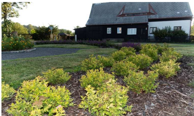
Kruhové záhony vypadají elegantně.
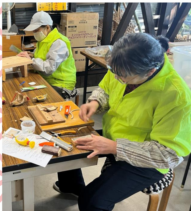
▲ パーツの調整・組立
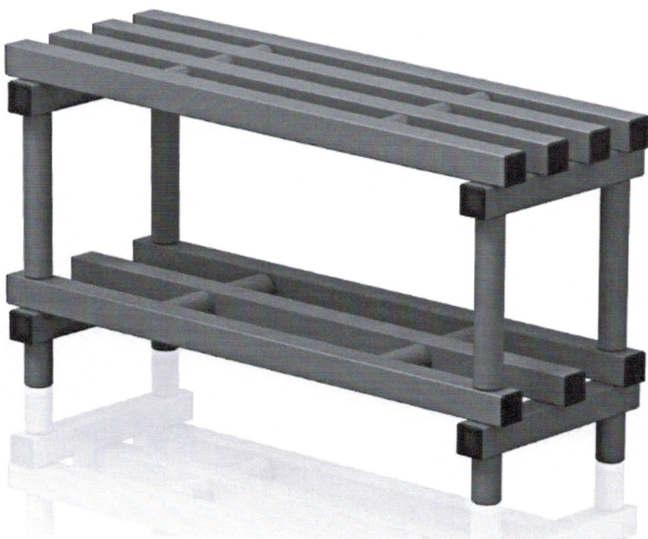
2. ławka dł. 1500mm

THE TASK: Would you please copy the listing exactly, omitting every picture?

REPLY:
Kruhové záhony vypadají elegantně.
▲ パーツの調整・組立
2. ławka dł. 1500mm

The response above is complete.